The Department of Social Care (Rheynn Kiarail y Theay) was a department of the Isle of Man Government. It was created on 1 April 2010, taking on the social services and social security functions of the former Department of Health and Social Security as well as the social housing function of the former Department of Local Government and the Environment. On 2 December 2013 as part of the Council of Ministers' plans to modernize ministerial government it was announced that the Department of Health and the Department of Social Care (with the exception of Social Security, which would move to Treasury) would merge on 1 April, subject to the approval of Tynwald. The move was by and large a reversal of one element of the restructuring of the Isle of Man Government in April 2010 which saw the former Department of Health and Social Security split to form the Department of Health and the Department of Social Care.

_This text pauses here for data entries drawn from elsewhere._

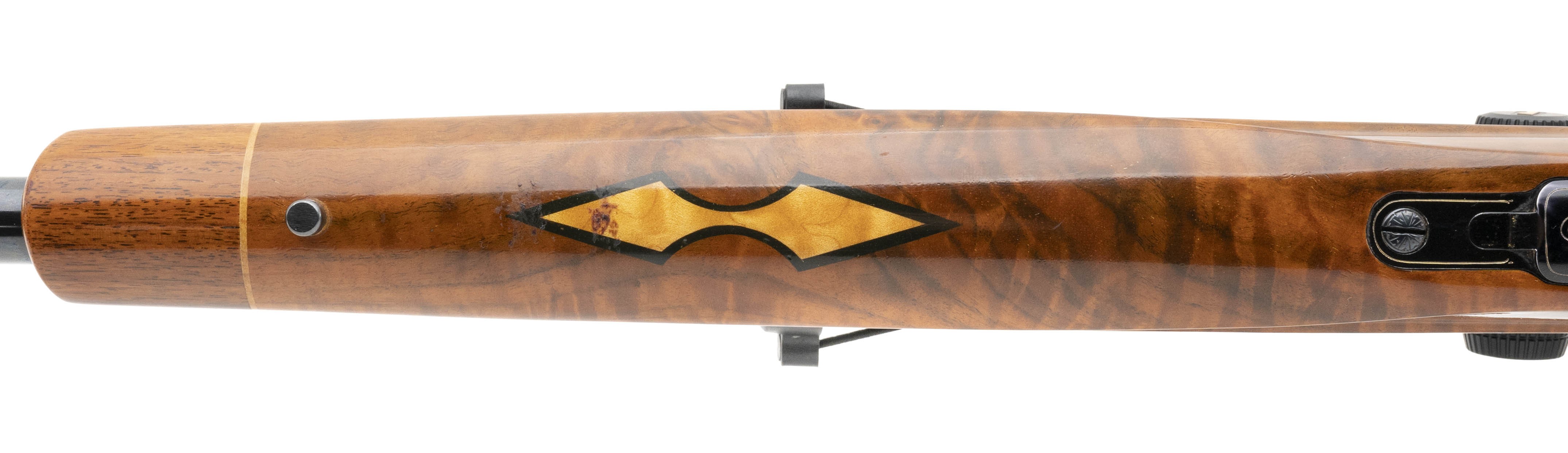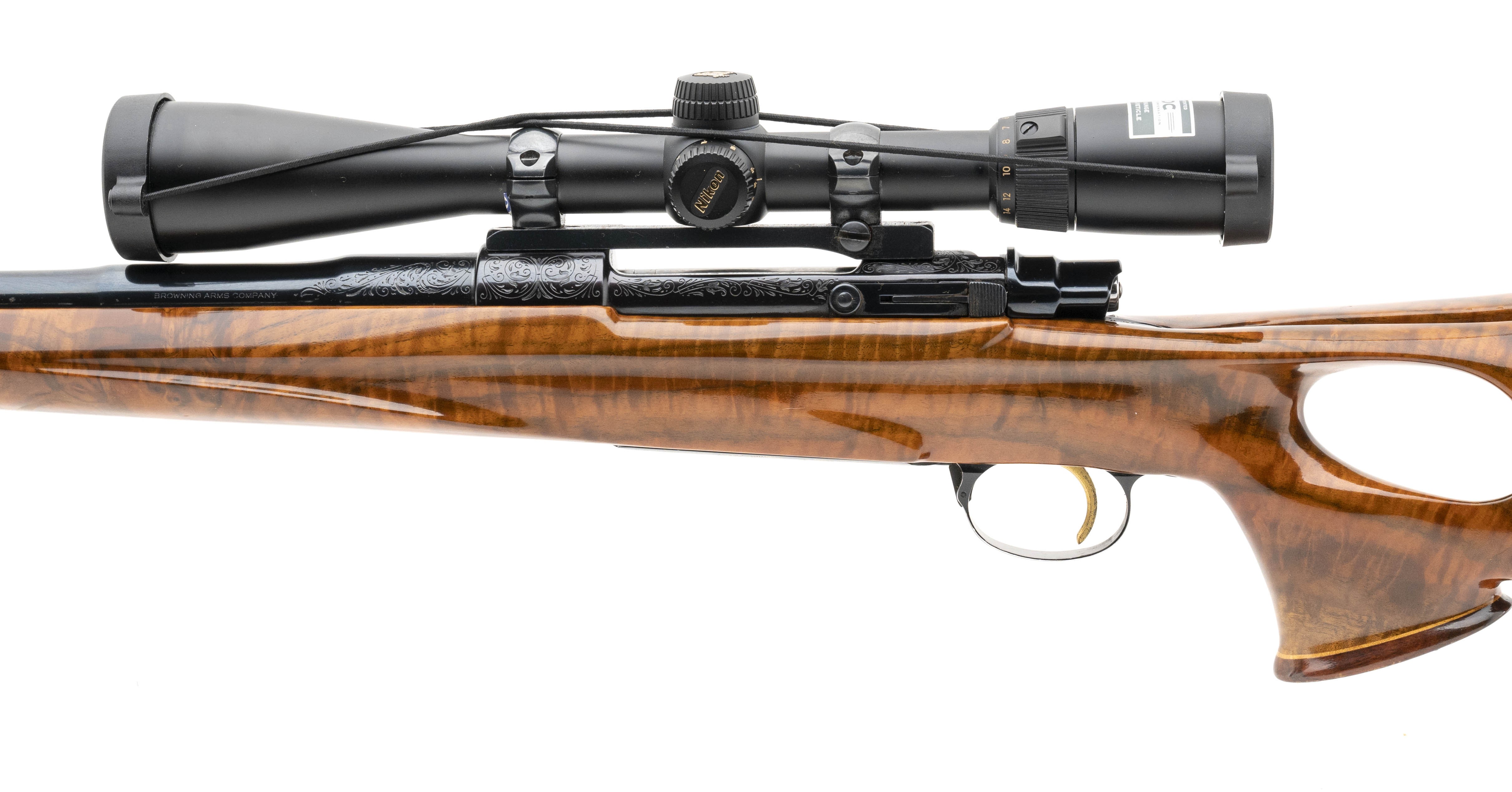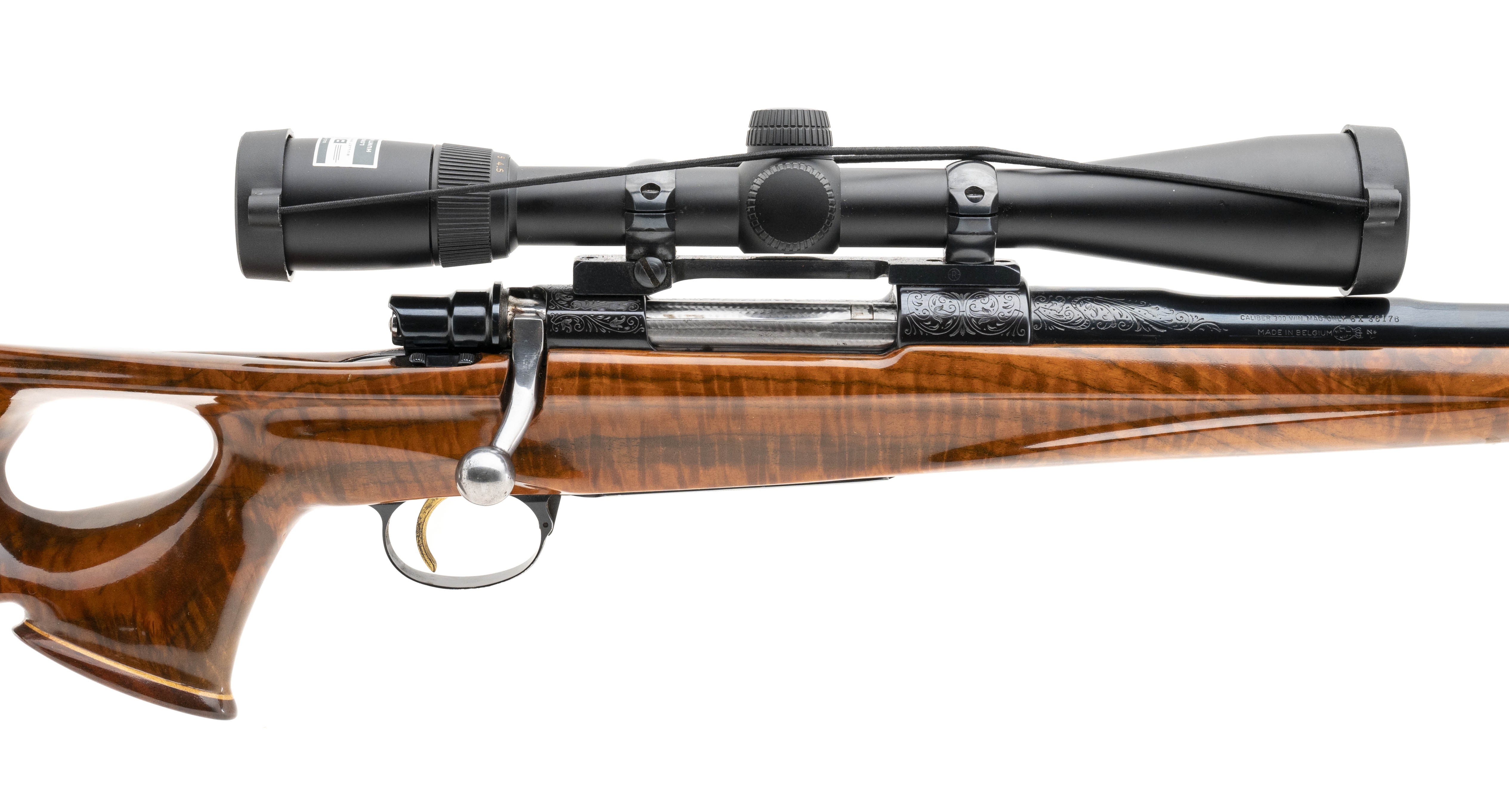 SN: 6X36176. Belgian made Medallion grade rifle customized by Harry Lawson. Has the classic Lawson thumbhole stock made of deluxe figured walnut and muzzle brake, with the factory engraving on the receiver and floor plate. A Nikon 4.5-14 scope is mounted. An outstanding custom rifle, in excellent condition.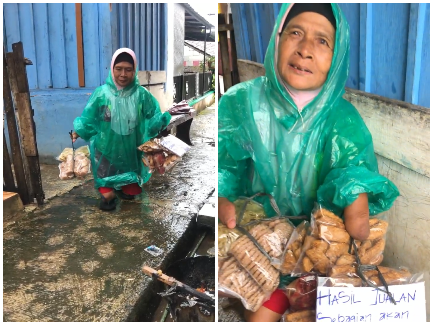 Sobat Rubin, pernahkah kamu membayangkan! dengan kaki yang tak sempurna, tubuh yang terbatas sejak lahir, di usia 59 tahun masih memilih untuk berjalan keliling 3 kilometer setiap hari demi berjualan kue kering?
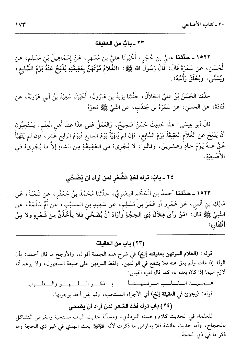 [1522] قوله: (الغلام المرتهن بعقيقته إلخ) في شرح هذه الجملة أقوال، والأرجح ما قال أحمد: بأن الولد إذا مات ولم يعق عنه فلا يشفع في الوالدين، ولفظ المرتهن على صيغة المجهول، ولا يزعم أنه لازم سيما إذا كان بعده باء كما قال امرء القيس:

During its existence, the Department of Social Care was the largest department of the Isle of Man Government in terms of budget.

==Functions==
- Social Services
- Social Security Scheme
- National Insurance
- Housing: Regulation, Public Sector Housing, First and Second Time Buyer Housing
- Regulation of Care Homes

==Ministers responsible for Social Care==

===Ministers for Social Care (1 April 2010 - 31 March 2014)===
- Hon Howard Quayle MHK, 3 March 2014 - 31 March 2014.
- Hon Chris Robertshaw MHK, 14 October 2011 – 3 March 2014.
- Hon Martyn Quayle MHK, 1 April 2010 – 14 October 2011.

===Former Ministers for Health and Social Security (16 December 1968 - 31 March 2010)===
- Hon Eddie Teare MHK, 15 December 2006 - 31 March 2010.
- Hon Steve Rodan MHK, 30 June 2004 - 15 December 2006.
- Hon Clare Christian MLC, 6 December 1996 - 30 June 2004.
- Hon Bernie May MHK, 18 December 1991 - 6 December 1996.
- Hon Jim Cain MHK, 19 December 1989 - 18 December 1991.
- Hon Tony Brown MHK, 16 December 1986 - 19 December 1989.

===Former Chairmen of the Department of Health and Social Security (1 April 1986 - 16 December 1986)===
- Arnold Callin MHK, 1 April 1986 - 16 December 1986.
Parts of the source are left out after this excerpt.